(Material shown Opens)

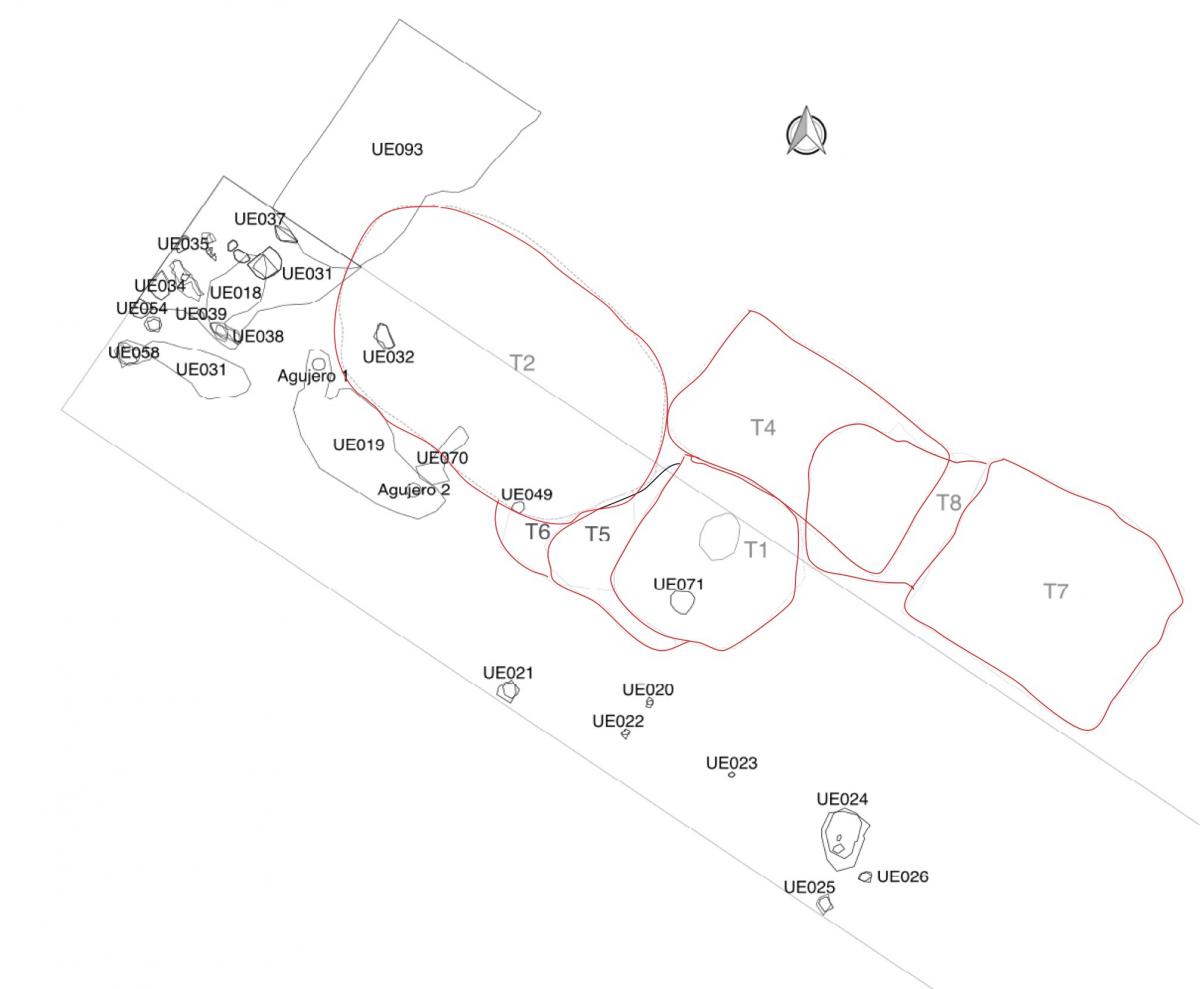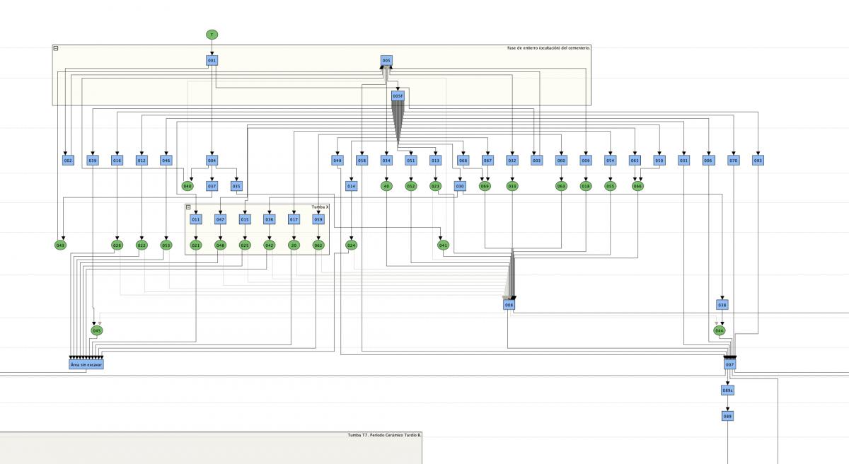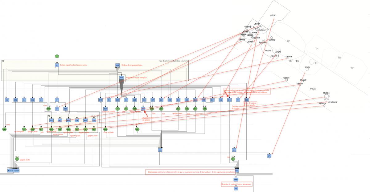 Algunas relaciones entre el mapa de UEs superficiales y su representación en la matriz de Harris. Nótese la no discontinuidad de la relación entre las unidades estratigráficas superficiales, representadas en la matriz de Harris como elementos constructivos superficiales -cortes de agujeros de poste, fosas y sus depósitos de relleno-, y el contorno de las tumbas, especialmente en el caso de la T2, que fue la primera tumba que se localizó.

(Material shown Closes)
(Material shown Opens)

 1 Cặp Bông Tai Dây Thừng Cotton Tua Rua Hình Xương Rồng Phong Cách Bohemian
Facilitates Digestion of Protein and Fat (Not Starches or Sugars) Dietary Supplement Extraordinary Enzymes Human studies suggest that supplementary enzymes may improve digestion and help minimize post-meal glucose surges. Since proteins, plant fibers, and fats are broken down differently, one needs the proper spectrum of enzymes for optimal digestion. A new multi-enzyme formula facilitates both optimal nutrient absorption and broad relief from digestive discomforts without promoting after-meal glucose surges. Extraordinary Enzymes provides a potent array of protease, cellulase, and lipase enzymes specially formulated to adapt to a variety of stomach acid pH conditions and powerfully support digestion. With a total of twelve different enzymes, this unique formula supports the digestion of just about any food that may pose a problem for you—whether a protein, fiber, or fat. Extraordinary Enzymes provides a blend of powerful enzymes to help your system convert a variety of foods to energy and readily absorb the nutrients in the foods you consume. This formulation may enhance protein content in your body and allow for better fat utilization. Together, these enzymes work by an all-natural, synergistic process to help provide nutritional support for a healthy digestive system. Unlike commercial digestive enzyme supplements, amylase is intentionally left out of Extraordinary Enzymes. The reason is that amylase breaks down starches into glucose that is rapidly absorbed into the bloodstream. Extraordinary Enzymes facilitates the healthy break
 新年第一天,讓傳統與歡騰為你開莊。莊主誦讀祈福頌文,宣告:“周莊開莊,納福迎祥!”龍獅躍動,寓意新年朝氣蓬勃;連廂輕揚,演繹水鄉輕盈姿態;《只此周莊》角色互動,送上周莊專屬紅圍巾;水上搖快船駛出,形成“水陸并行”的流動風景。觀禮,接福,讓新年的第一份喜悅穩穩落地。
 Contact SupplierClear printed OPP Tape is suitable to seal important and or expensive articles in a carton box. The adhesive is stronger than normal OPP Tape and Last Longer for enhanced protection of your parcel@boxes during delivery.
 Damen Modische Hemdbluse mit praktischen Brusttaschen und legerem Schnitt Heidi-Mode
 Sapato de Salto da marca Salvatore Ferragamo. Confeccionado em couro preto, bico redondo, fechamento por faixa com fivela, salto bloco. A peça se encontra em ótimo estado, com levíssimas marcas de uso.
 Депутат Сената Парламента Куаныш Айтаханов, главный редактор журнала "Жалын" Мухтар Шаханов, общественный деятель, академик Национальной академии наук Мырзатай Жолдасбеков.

(Material shown Closes)

**Work to be completed**
Transcribe, exactly and without additions, the lines of the records above, beginning with the line that contains "Contact SupplierClear printed" and ending with the line that contains "Депутат Сената Парламента", both included.

**Response below**
 Contact SupplierClear printed OPP Tape is suitable to seal important and or expensive articles in a carton box. The adhesive is stronger than normal OPP Tape and Last Longer for enhanced protection of your parcel@boxes during delivery.
 Damen Modische Hemdbluse mit praktischen Brusttaschen und legerem Schnitt Heidi-Mode
 Sapato de Salto da marca Salvatore Ferragamo. Confeccionado em couro preto, bico redondo, fechamento por faixa com fivela, salto bloco. A peça se encontra em ótimo estado, com levíssimas marcas de uso.
 Депутат Сената Парламента Куаныш Айтаханов, главный редактор журнала "Жалын" Мухтар Шаханов, общественный деятель, академик Национальной академии наук Мырзатай Жолдасбеков.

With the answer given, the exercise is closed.